[Supplied material — start]
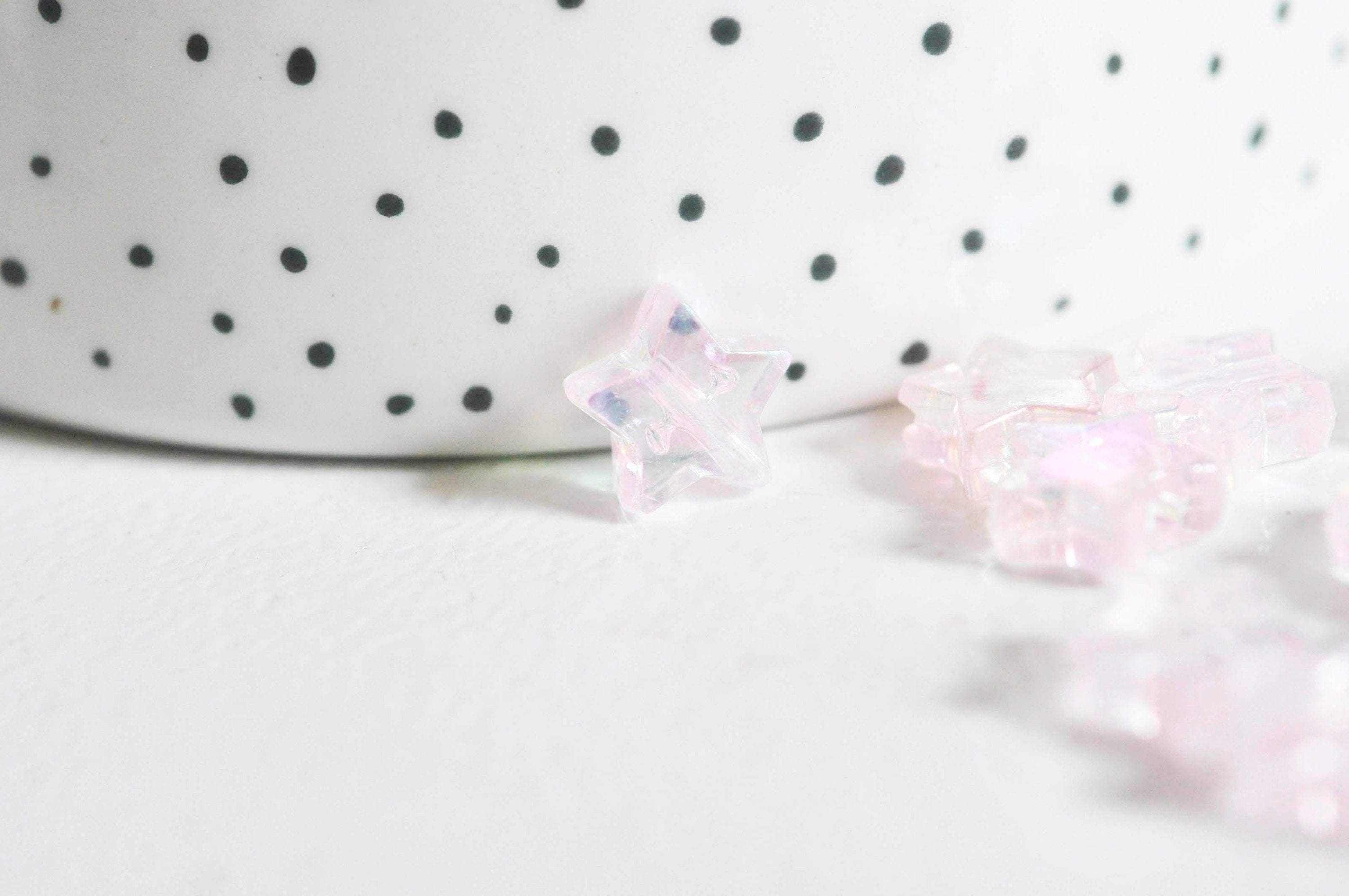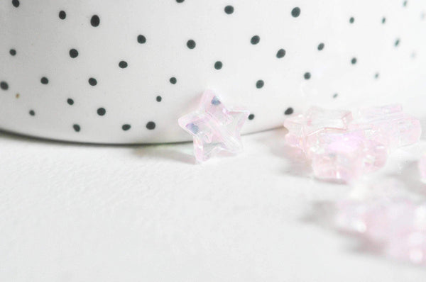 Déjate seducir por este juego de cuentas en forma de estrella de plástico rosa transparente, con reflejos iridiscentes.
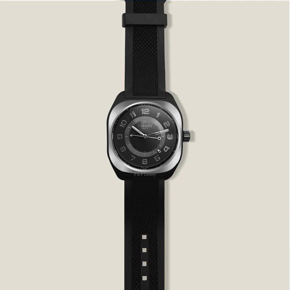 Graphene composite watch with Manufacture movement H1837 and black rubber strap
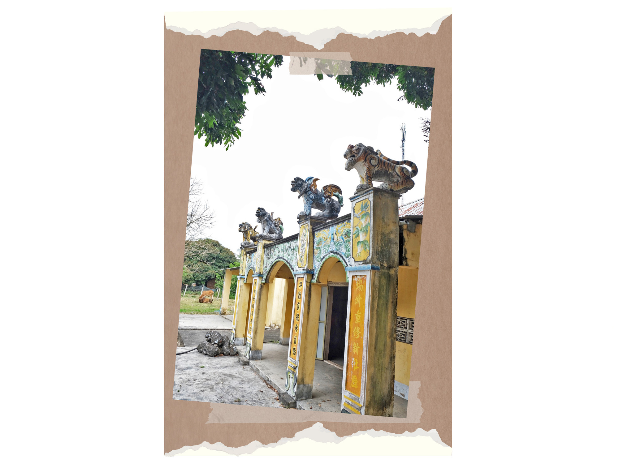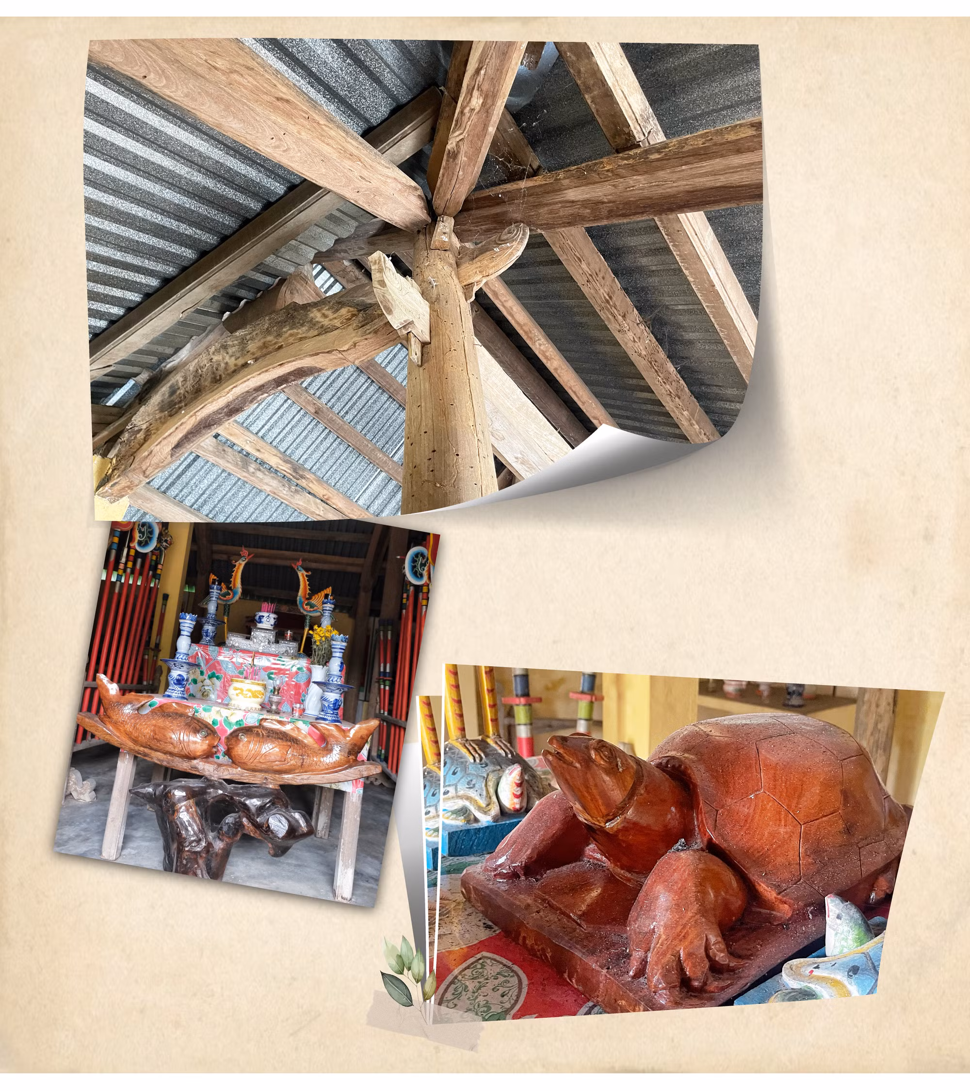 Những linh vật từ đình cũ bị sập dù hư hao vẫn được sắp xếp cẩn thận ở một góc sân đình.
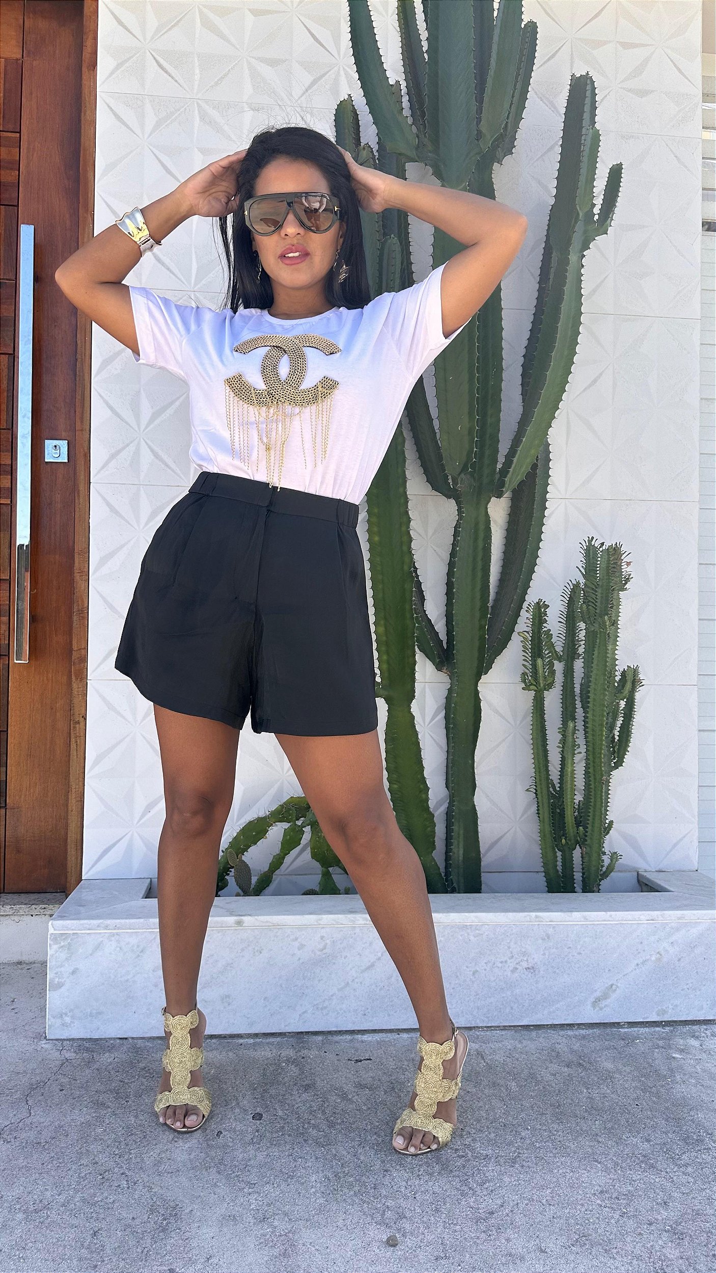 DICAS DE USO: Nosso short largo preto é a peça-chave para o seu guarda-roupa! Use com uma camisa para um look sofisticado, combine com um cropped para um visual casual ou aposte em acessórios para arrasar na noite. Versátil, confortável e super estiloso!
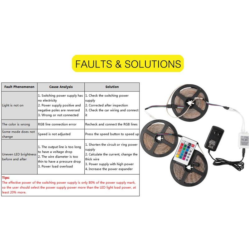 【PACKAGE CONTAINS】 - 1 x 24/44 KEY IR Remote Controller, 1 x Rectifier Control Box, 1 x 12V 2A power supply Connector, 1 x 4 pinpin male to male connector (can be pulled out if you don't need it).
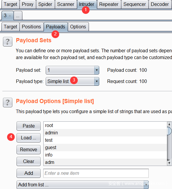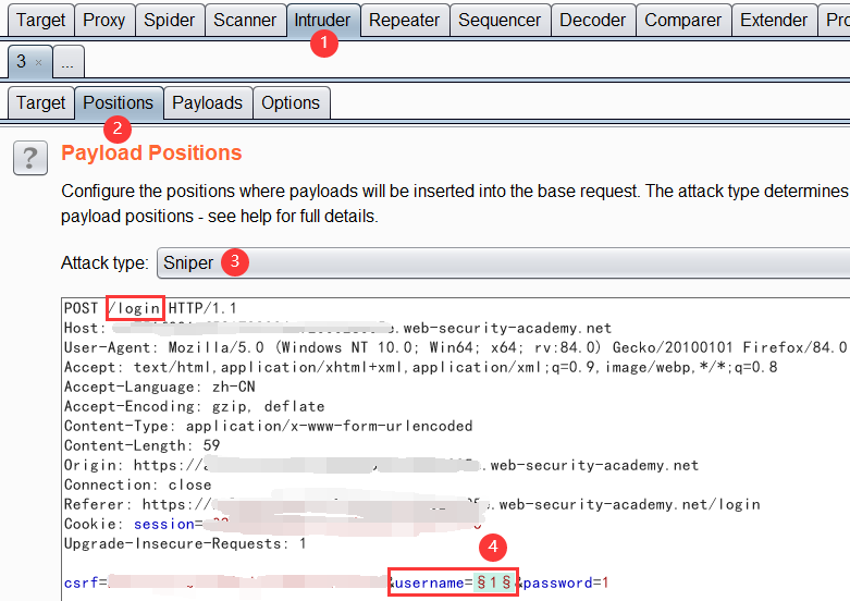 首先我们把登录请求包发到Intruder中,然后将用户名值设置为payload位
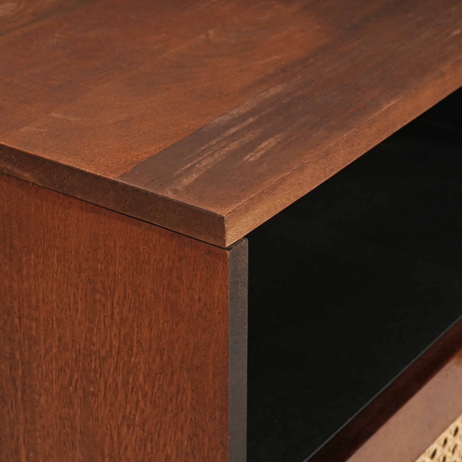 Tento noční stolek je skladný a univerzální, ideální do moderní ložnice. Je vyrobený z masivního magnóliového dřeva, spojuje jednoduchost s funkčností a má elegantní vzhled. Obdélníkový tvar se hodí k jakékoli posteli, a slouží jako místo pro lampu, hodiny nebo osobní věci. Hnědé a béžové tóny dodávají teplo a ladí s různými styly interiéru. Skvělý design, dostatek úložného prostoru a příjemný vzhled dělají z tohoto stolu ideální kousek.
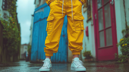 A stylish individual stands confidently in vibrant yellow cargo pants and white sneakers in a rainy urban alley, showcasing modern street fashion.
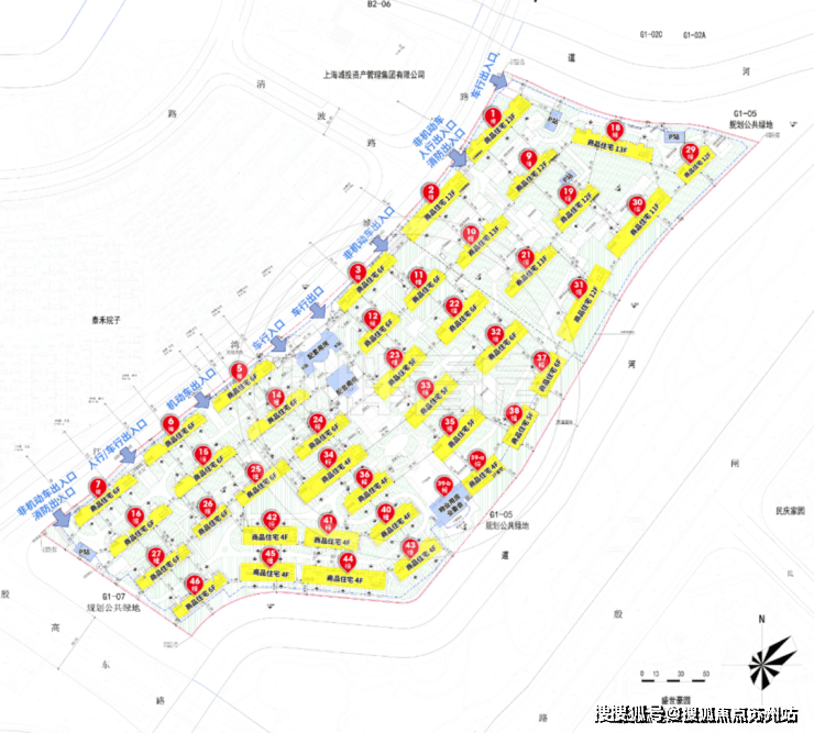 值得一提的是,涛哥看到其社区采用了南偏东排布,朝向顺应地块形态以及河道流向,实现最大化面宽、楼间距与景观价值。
[Supplied material — finish]
=== Your assignment ===
The entries above are to be copied exactly, with every picture left out.

=== Solved problem ===
 Déjate seducir por este juego de cuentas en forma de estrella de plástico rosa transparente, con reflejos iridiscentes.
 Graphene composite watch with Manufacture movement H1837 and black rubber strap
 Những linh vật từ đình cũ bị sập dù hư hao vẫn được sắp xếp cẩn thận ở một góc sân đình.
 DICAS DE USO: Nosso short largo preto é a peça-chave para o seu guarda-roupa! Use com uma camisa para um look sofisticado, combine com um cropped para um visual casual ou aposte em acessórios para arrasar na noite. Versátil, confortável e super estiloso!
 【PACKAGE CONTAINS】 - 1 x 24/44 KEY IR Remote Controller, 1 x Rectifier Control Box, 1 x 12V 2A power supply Connector, 1 x 4 pinpin male to male connector (can be pulled out if you don't need it).
 首先我们把登录请求包发到Intruder中,然后将用户名值设置为payload位
 Tento noční stolek je skladný a univerzální, ideální do moderní ložnice. Je vyrobený z masivního magnóliového dřeva, spojuje jednoduchost s funkčností a má elegantní vzhled. Obdélníkový tvar se hodí k jakékoli posteli, a slouží jako místo pro lampu, hodiny nebo osobní věci. Hnědé a béžové tóny dodávají teplo a ladí s různými styly interiéru. Skvělý design, dostatek úložného prostoru a příjemný vzhled dělají z tohoto stolu ideální kousek.
 A stylish individual stands confidently in vibrant yellow cargo pants and white sneakers in a rainy urban alley, showcasing modern street fashion.
 值得一提的是,涛哥看到其社区采用了南偏东排布,朝向顺应地块形态以及河道流向,实现最大化面宽、楼间距与景观价值。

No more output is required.